What is expected —
The required output is the stretch from the line containing "Ellie smiles and" through the line containing "普通市场每次只卖几克或几十克" in the records below, unaltered and with no pictures.

Records for the exercise —
--------------------------------------------------

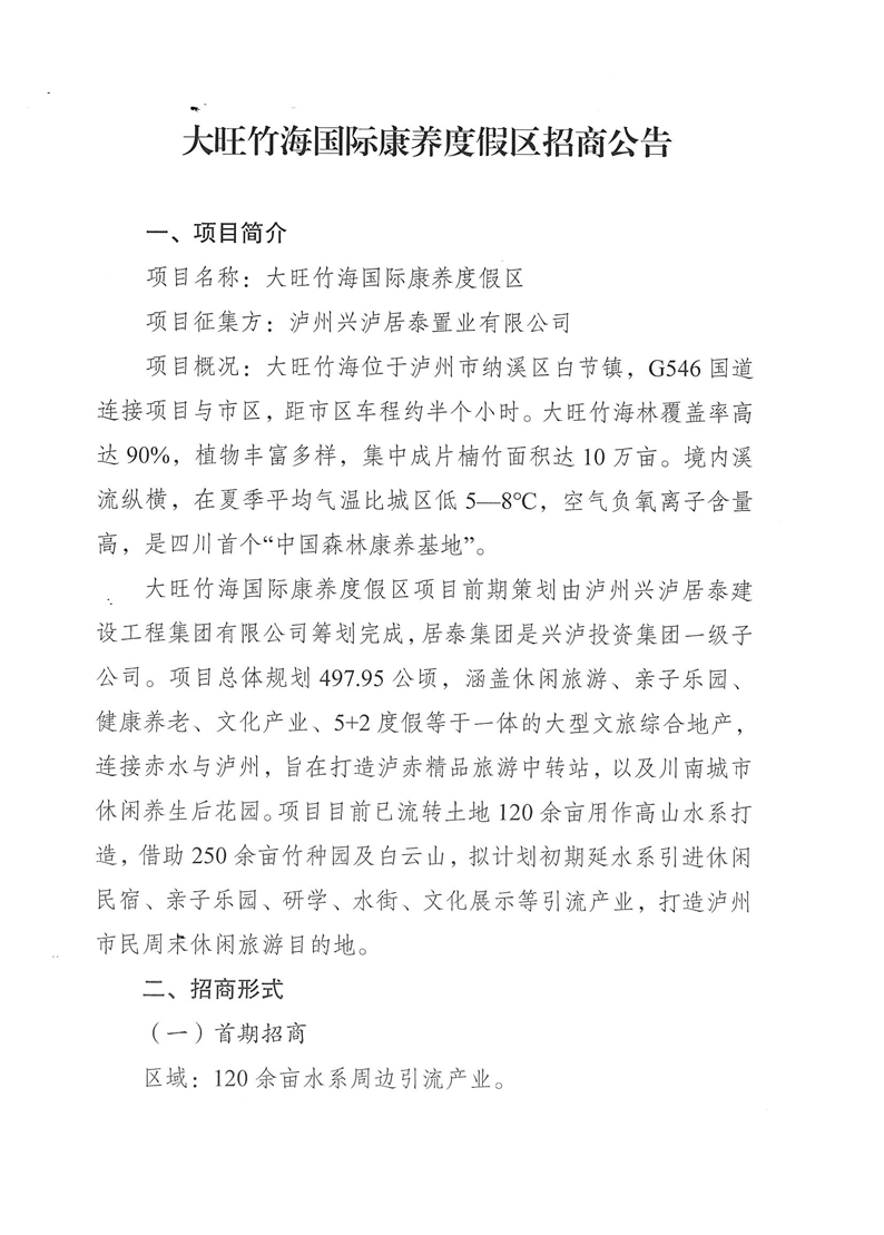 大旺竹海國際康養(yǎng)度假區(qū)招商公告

--------------------------------------------------

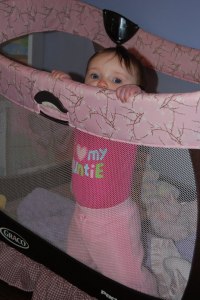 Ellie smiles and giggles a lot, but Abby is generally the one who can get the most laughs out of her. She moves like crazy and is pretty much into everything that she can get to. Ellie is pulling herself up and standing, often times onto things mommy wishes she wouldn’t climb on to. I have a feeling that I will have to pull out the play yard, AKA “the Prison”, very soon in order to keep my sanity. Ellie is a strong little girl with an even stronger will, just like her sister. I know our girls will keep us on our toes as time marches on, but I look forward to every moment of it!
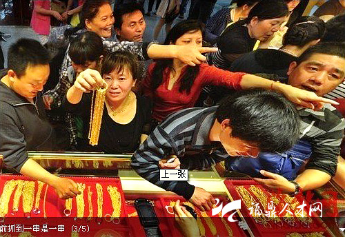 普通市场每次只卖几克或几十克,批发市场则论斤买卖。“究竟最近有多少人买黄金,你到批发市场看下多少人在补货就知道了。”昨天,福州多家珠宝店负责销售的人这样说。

--------------------------------------------------

Answer space —
 Ellie smiles and giggles a lot, but Abby is generally the one who can get the most laughs out of her. She moves like crazy and is pretty much into everything that she can get to. Ellie is pulling herself up and standing, often times onto things mommy wishes she wouldn’t climb on to. I have a feeling that I will have to pull out the play yard, AKA “the Prison”, very soon in order to keep my sanity. Ellie is a strong little girl with an even stronger will, just like her sister. I know our girls will keep us on our toes as time marches on, but I look forward to every moment of it!
 普通市场每次只卖几克或几十克,批发市场则论斤买卖。“究竟最近有多少人买黄金,你到批发市场看下多少人在补货就知道了。”昨天,福州多家珠宝店负责销售的人这样说。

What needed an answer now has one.